CAREER: Embracing Local Minima and Nonsmoothness in Nonconvex Statistical Estimation: From Structures to Algorithms

Optimization plays a crucial role in modern data analysis. Accurate modeling and robust analysis of complex datasets often require solving a class of optimization problems that are not smooth and may possess many low-quality solutions. These problems are challenging to solve, and there is limited understanding of the properties of solutions returned by standard algorithms.

Existing approaches typically steer away from such problems or restrict to a small subset of them. This project aims to substantially broaden the class of problems for which efficient algorithms exist, and for which performance guarantees can be obtained. The project will develop new algorithms and analytical tools that are applicable in a broad range of engineering and science applications.

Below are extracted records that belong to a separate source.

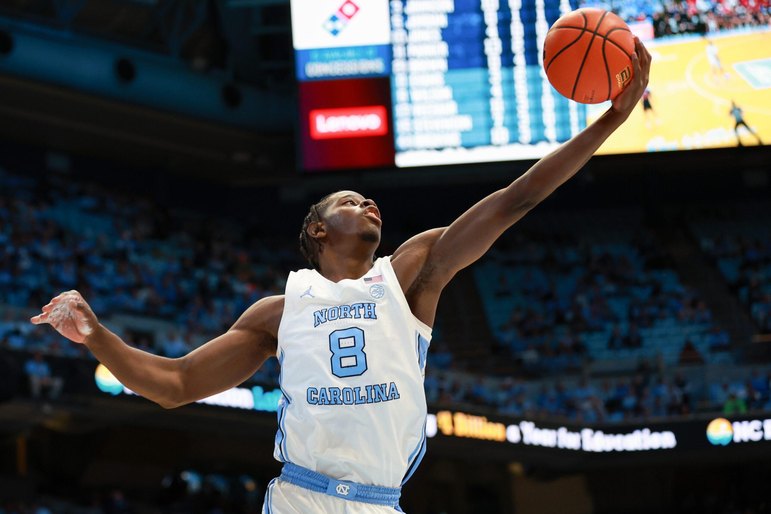 Caleb Wilson collects a rebound during a game between the North Carolina Tar Heels and the Radford Highlanders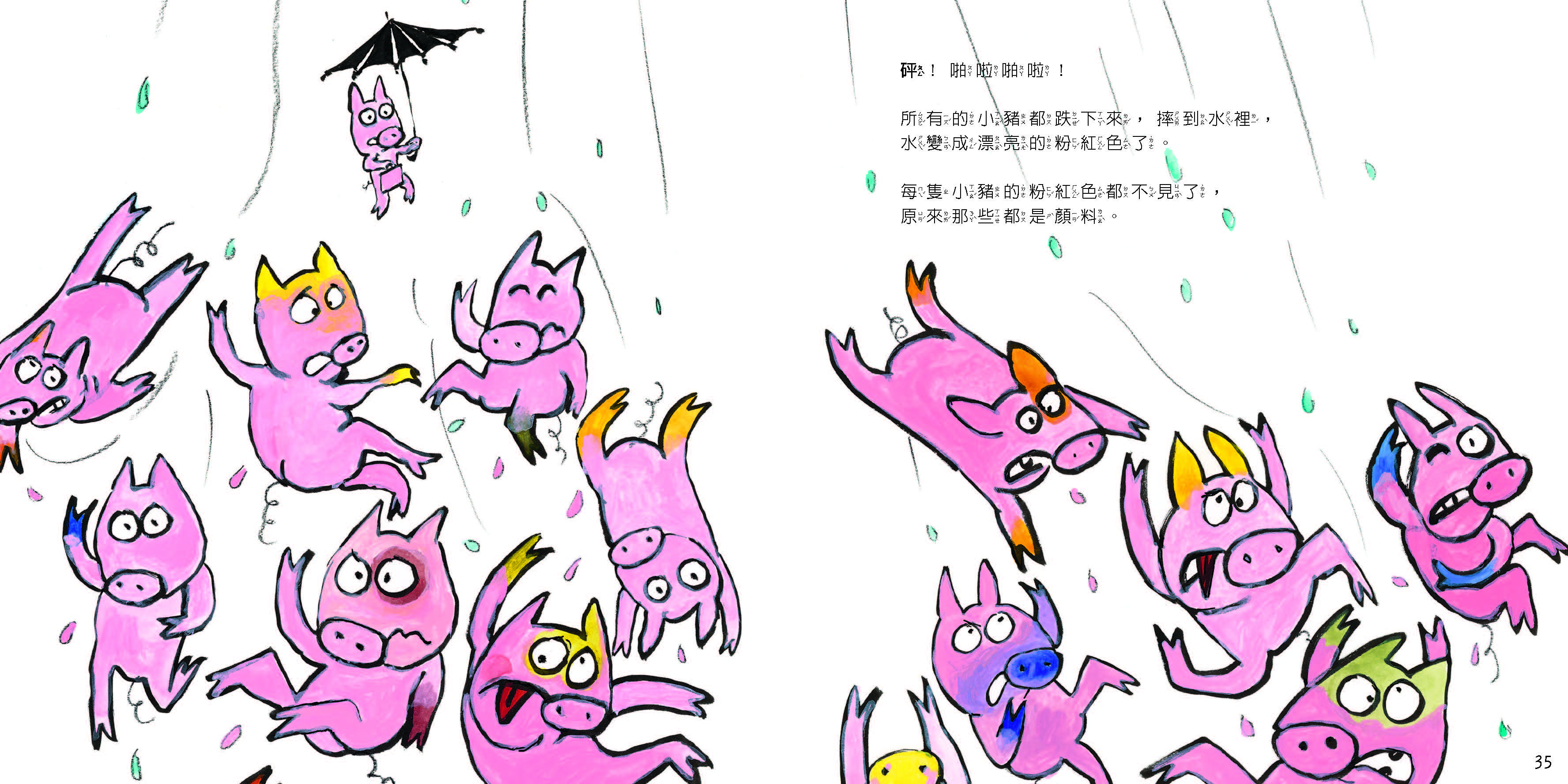 而在故事末尾,讀者們才發現原來這群「粉紅豬」也不是真正的粉紅豬,而是塗了顏料的「彩色豬」!這群彩色豬曾經也是被主流排拒的一群,好不容易透過彩繪顏料而被主流團體接納,卻反過頭來排斥同樣「非主流」的夥伴。這樣的關係在校園中亦不少見,角色翻轉後,曾經的被霸凌者也可能搖身一變成為霸凌者──但這些人難道不是最能同理被排斥的心情嗎?好在故事有了一個色彩繽紛的結局,大家都願意面對自己最真實的樣子,也願意接納彼此,五顏六色的小豬們終於開心地玩在一起。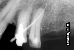 Outro recurso de fundamental importância é o traçado de fístulas, mesmo diante de dentes sem lesão aparente. Introduz-se um cone de gutapercha secundário M (médio) na fístula, com auxílio de uma pinça clínica, sob isolamento relativo, até encontrar resistência, normalmente a anestesia é dispensada. No caso em questão, observa-se que, a fístula encontra-se na altura do 1º pms e, qualquer um dos dois pré-molares podem ser o responsável. Após traçado, podemos afirmar que o responsável é o 2º pms (abscesso apical crônico), claro o 1º pms também deverá receber retratamento endodôntico. |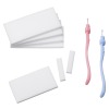 ハンドルに装着したスポンジに水を含ませ、スポンジの面で歯の表面を、側面で歯と歯の間を磨いて歯の表面の汚れをこすることで、簡単に歯の黄ばみを落とすことができるアイテム。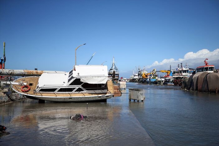 Balıkçılardan bazılar da teknelerinin batmaması için çalışma yapıyor.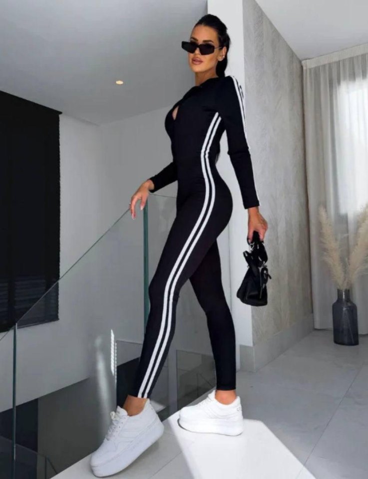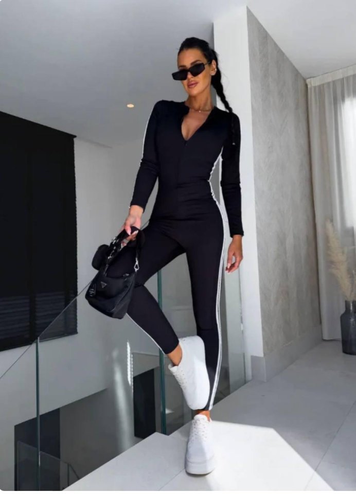 Kadın Uzun Kollu Yakadan Fermuarlı Kot Görünüm Desenli Uzun Modal Bluz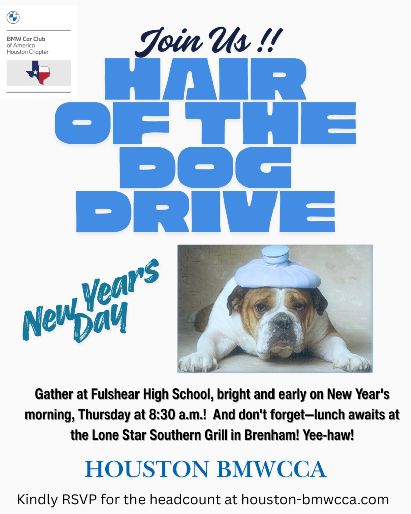 We started it way back on January 1st, 2000. We called it the Hair of the Dog drive. And, 26 years later it’s still on! Don’t. miss this Houston chapter New Year’s Day tradition and join us for the 26th running of the HOD! This year, we’ll be led by our new DriveMeister, Levi Fisk. Here are the details: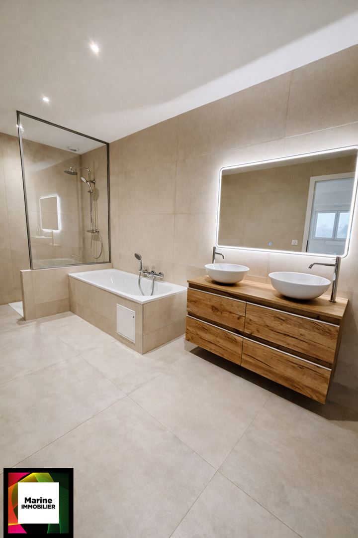 La salle d'eau est équipée d'une douche avec bac extra-plat de 90/120, double vasque meublée et miroir de votre choix, et un toilette indépendant avec lave-mains.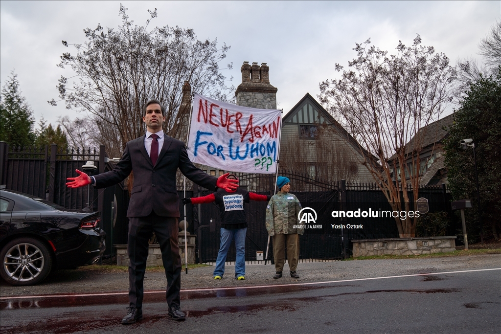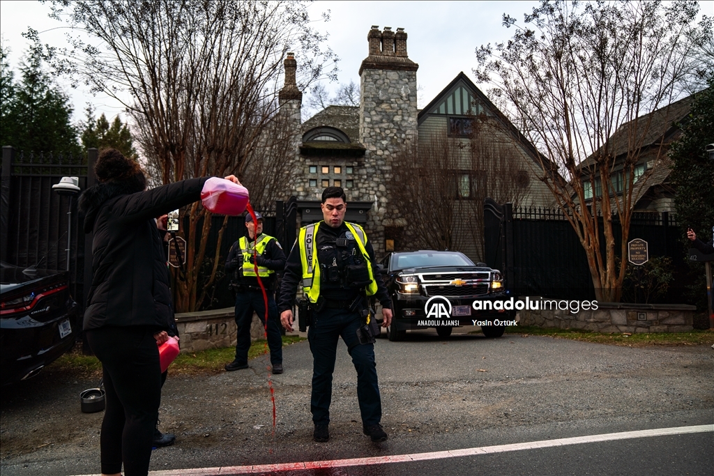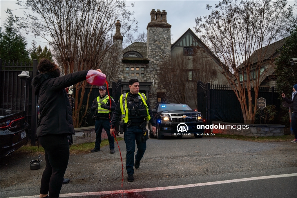 ABD’nin Virginia eyaletinde bir grup Filistin destekçisi aktivist, Dışişleri Bakanı Antony Blinken’in evinin önünde protesto düzenledi. Aktivistler, evinden ayrılan Blinken’in aracına kırmızı renkli boya fırlattı. ( Yasin Öztürk - Anadolu Ajansı )
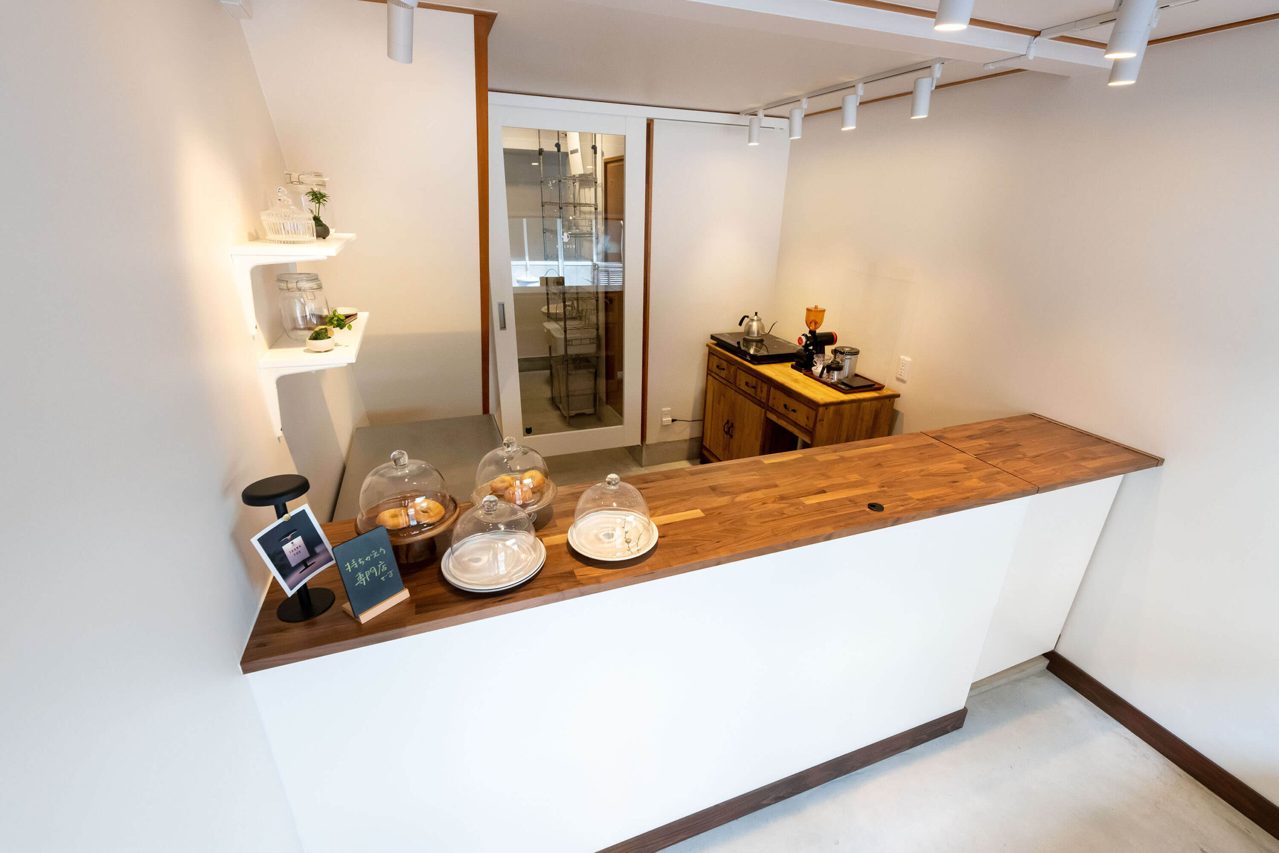 家賃の上限を決めていたため、当初間借り営業を考えていました。自宅近くで賃借人を募集している住居があり、聞けば家賃が予算内で、住居から店舗への改装及び原状復帰不要、と家主より許可がでたので契約しました。改装工事を【ザワン】の片山社長にご依頼しましたところ、まずは隣の古い壊れた長屋の見た目にドン引きされました。しかしプロフェッショナルな目線から、コーヒーだけでなく食べ物も出した方がいい、というアドバイスを頂きました。カフェズライフ同窓生の友人(現在一緒に店を運営しています)からは、フードはドーナツが良いのでは、という意見をもらい、コーヒーとドーナツの店に決まりました。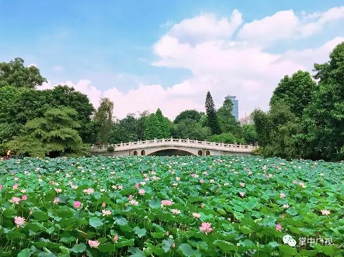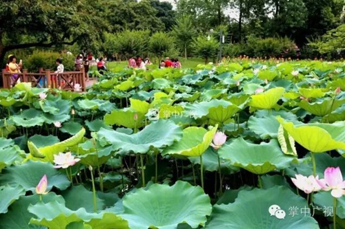 Turistas encantados pelas flores de lotus no Parque do Lago Liuhua

Furthermore, the project will support an education plan that centers around the goal of bridging the disciplines of optimization and statistics at both undergraduate and graduate levels.

The technical approaches of this project are based on the general principles of decoupling nonsmoothness and nonconvexity, and identifying the characteristic structures of locally optimal solutions. The research program consists of two main thrusts: (1) study a class of nonsmooth composite optimization problems and develop a framework for quantifying the average-case conditioning of the problems and the convergence rates of low-complexity algorithms; (2) consider a class of problems with coupled components, characterize the hidden structures of the local minima, and exploit these structural results to design and analyze efficient algorithms in settings where existing results fail to apply.

The research in this project will cover a diverse set of important statistical and machine learning problems. The techniques developed will provide a refined analysis of the algorithmic performance for average-case problems in statistical settings.

This award reflects NSF's statutory mission and has been deemed worthy of support through evaluation using the Foundation's intellectual merit and broader impacts review criteria.